| THE TASK |
Could you copy the data that follows exactly as written, but drop the pictures?

| RECORDS SHOWN |
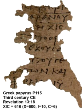
Greek papyrus P115 Third century CE Revelation 13:18 XIC = 616 (X=600, I=10, C=6)

A century later, many Christians were Gentiles who spoke Latin and did their gematria from Latin. They calculated Nero Caesar's Latin name, NERO CAESAR, to equal 616 in Hebrew letters: (נרו קסר = nrô qsr , with one long 'o' vowel). So, someone altered a copy of the Book of Revelation to read 616.
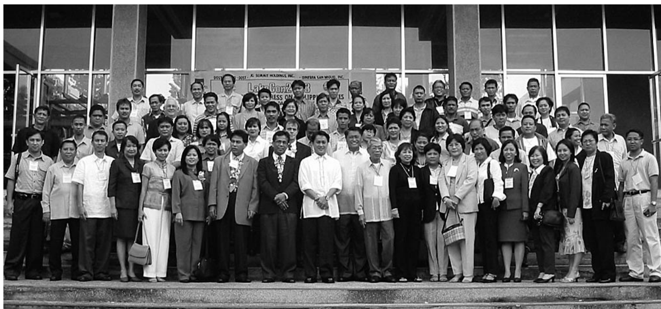
Delegates at the historic conference

The Congress came to a close with the identification of priority issues and concerns based on the workshop themes, development of the Philippine Lake Vision, the creation and election of officers of the Philippine Lakes Network and the joint declaration on Philippine Lakes aptly called, the Tagaytay Declaration.
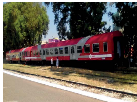
Durrës Railway Station, Albania.

This investment project concerns the rehabilitation of the Tirana - Durrës railway section and the construction of a new railway link to the Tirana international airport, including signalling and telecommunication systems. It is part of a Core Corridor on the indicative extension of the Trans-European Transport Network (TEN-T) to the Western Balkans.
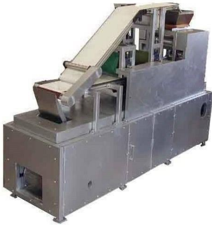
FULLY AUTOMATIC CHAPATI MACHINE (AK-W5) CAPACITY: 1000 TO 4000 CHAPATI/Hr.
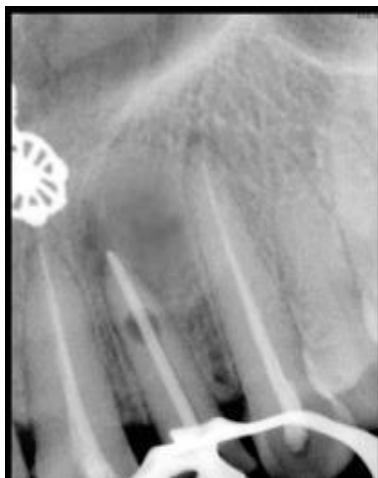
Fig-3: IOPA showing master cone determination
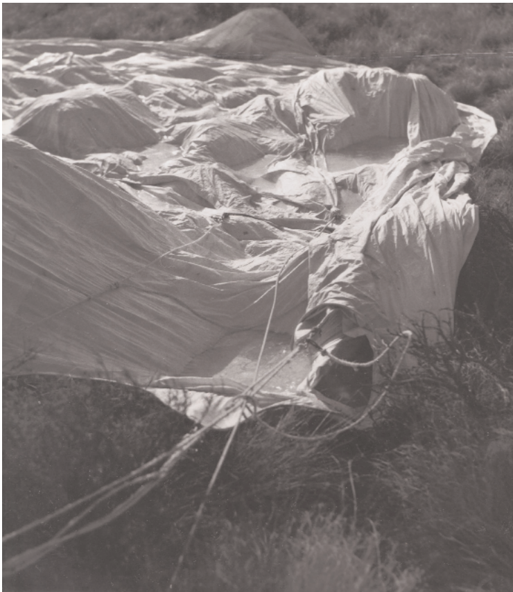
Above left: Prossor Balloon—Section of bag, as found. (Note ice that has formed.)

Prompted by the Doolittle Air Raid on Tokyo in April 1942, the Japanese military developed an unmanned balloon bomb offensive as a means of direct reprisal against the U.S. mainland. The balloons, made of paper or rubberized silk, carried antipersonnel and incendiary bombs. Japan launched some 9,000 balloons during a five-month period, to be carried by high-altitude winds more than 6,000 miles eastward across the Pacific to North America. Perhaps a thousand of these reached this continent, but there were only about 285 reported incidents. Most
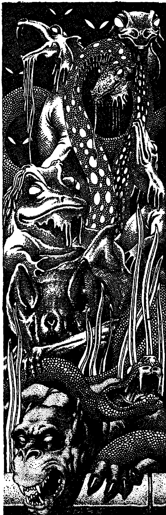
The marsh was acrawl with living forms that could only be compared to a resurgence from their graves of creatures dead and half decayed
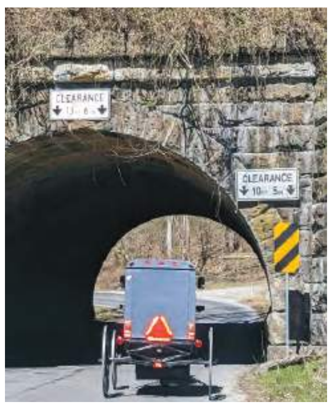
Multimodal transportation improvements can help to ensure safety for all road users.
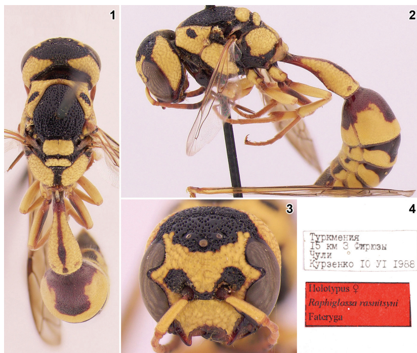
Figs 1–4. Raphiglossa rasnitsyni Fateryga, sp. n. , ♀, holotype: 1 – habitus, dorsal view; 2 – habitus, lateral view; 3 – head, frontal view; 4 – labels.

Setation weakly developed. Mandible with few strait pale setae as long as maximal diameter of flagellum. Posterior margins of T6, S4, and S5, as well as entire S6 with pale setae as long as diameter of F1 at base.
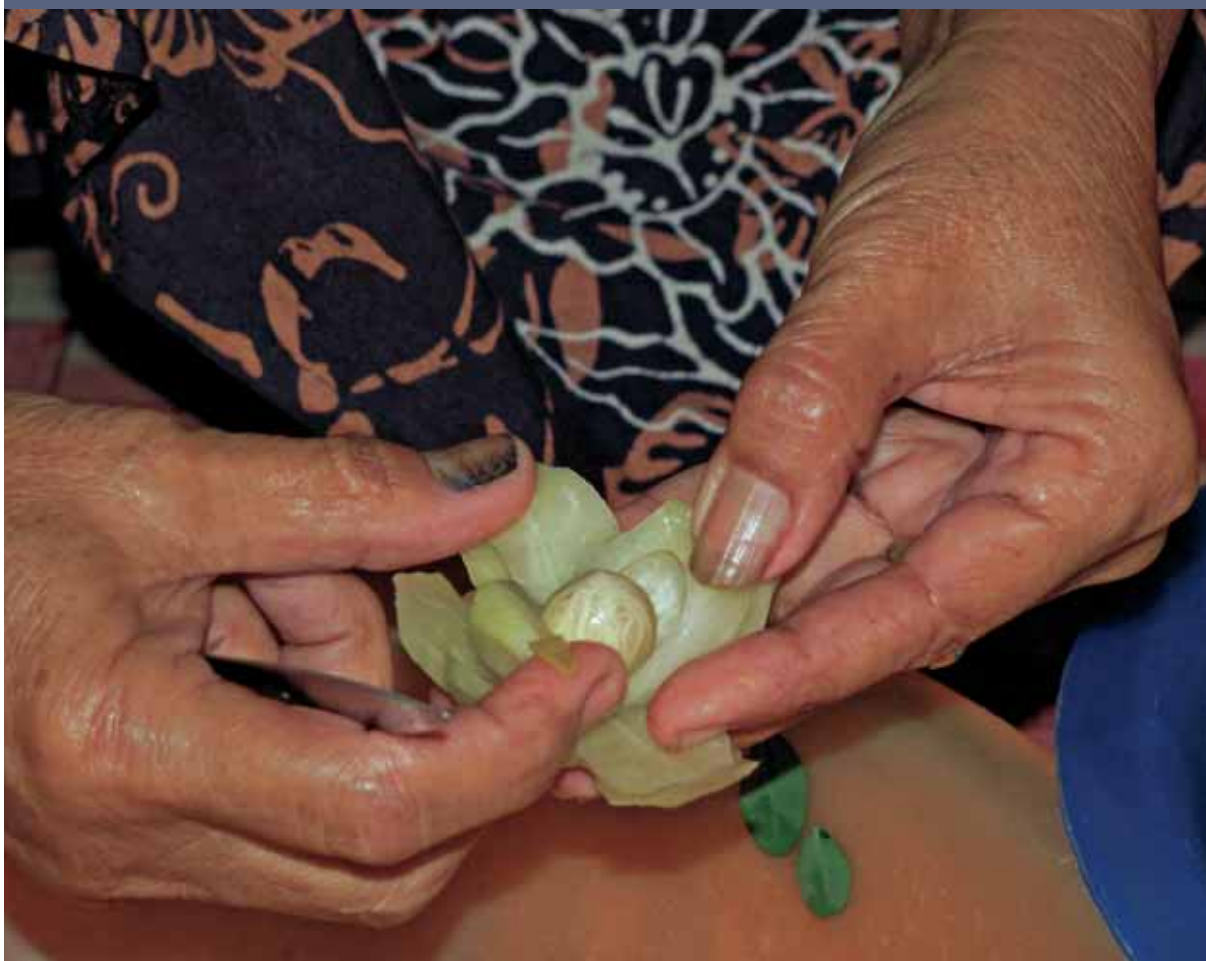
Women in Aceh Selatan supplement their income by making nutmeg fruit candies for local markets, whereas the seed and mace of the nutmeg is used to produce essential oil

Enhancing livelihoods and economic opportunities for intended beneficiaries requires the active collaboration of many actors and institutions. Forum Pala Aceh (Aceh Nutmeg Forum), established through this programme, and related government institutions, have all collectively participated in the implementation of the value chain strategy, covering cultivation, processing and marketing. 131 Particular efforts were made to engage business enterprises in strengthening supply chains and linking local producers and farmers. The product diversification trainings have not only improved their technical skills and knowledge of nutmeg farmers, but have also enabled them to expand their markets to other districts.

| REPLY |
Greek papyrus P115 Third century CE Revelation 13:18 XIC = 616 (X=600, I=10, C=6)

A century later, many Christians were Gentiles who spoke Latin and did their gematria from Latin. They calculated Nero Caesar's Latin name, NERO CAESAR, to equal 616 in Hebrew letters: (נרו קסר = nrô qsr , with one long 'o' vowel). So, someone altered a copy of the Book of Revelation to read 616.
Delegates at the historic conference

The Congress came to a close with the identification of priority issues and concerns based on the workshop themes, development of the Philippine Lake Vision, the creation and election of officers of the Philippine Lakes Network and the joint declaration on Philippine Lakes aptly called, the Tagaytay Declaration.
Durrës Railway Station, Albania.

This investment project concerns the rehabilitation of the Tirana - Durrës railway section and the construction of a new railway link to the Tirana international airport, including signalling and telecommunication systems. It is part of a Core Corridor on the indicative extension of the Trans-European Transport Network (TEN-T) to the Western Balkans.
FULLY AUTOMATIC CHAPATI MACHINE (AK-W5) CAPACITY: 1000 TO 4000 CHAPATI/Hr.
Fig-3: IOPA showing master cone determination
Above left: Prossor Balloon—Section of bag, as found. (Note ice that has formed.)

Prompted by the Doolittle Air Raid on Tokyo in April 1942, the Japanese military developed an unmanned balloon bomb offensive as a means of direct reprisal against the U.S. mainland. The balloons, made of paper or rubberized silk, carried antipersonnel and incendiary bombs. Japan launched some 9,000 balloons during a five-month period, to be carried by high-altitude winds more than 6,000 miles eastward across the Pacific to North America. Perhaps a thousand of these reached this continent, but there were only about 285 reported incidents. Most
The marsh was acrawl with living forms that could only be compared to a resurgence from their graves of creatures dead and half decayed
Multimodal transportation improvements can help to ensure safety for all road users.
Figs 1–4. Raphiglossa rasnitsyni Fateryga, sp. n. , ♀, holotype: 1 – habitus, dorsal view; 2 – habitus, lateral view; 3 – head, frontal view; 4 – labels.

Setation weakly developed. Mandible with few strait pale setae as long as maximal diameter of flagellum. Posterior margins of T6, S4, and S5, as well as entire S6 with pale setae as long as diameter of F1 at base.
Women in Aceh Selatan supplement their income by making nutmeg fruit candies for local markets, whereas the seed and mace of the nutmeg is used to produce essential oil

Enhancing livelihoods and economic opportunities for intended beneficiaries requires the active collaboration of many actors and institutions. Forum Pala Aceh (Aceh Nutmeg Forum), established through this programme, and related government institutions, have all collectively participated in the implementation of the value chain strategy, covering cultivation, processing and marketing. 131 Particular efforts were made to engage business enterprises in strengthening supply chains and linking local producers and farmers. The product diversification trainings have not only improved their technical skills and knowledge of nutmeg farmers, but have also enabled them to expand their markets to other districts.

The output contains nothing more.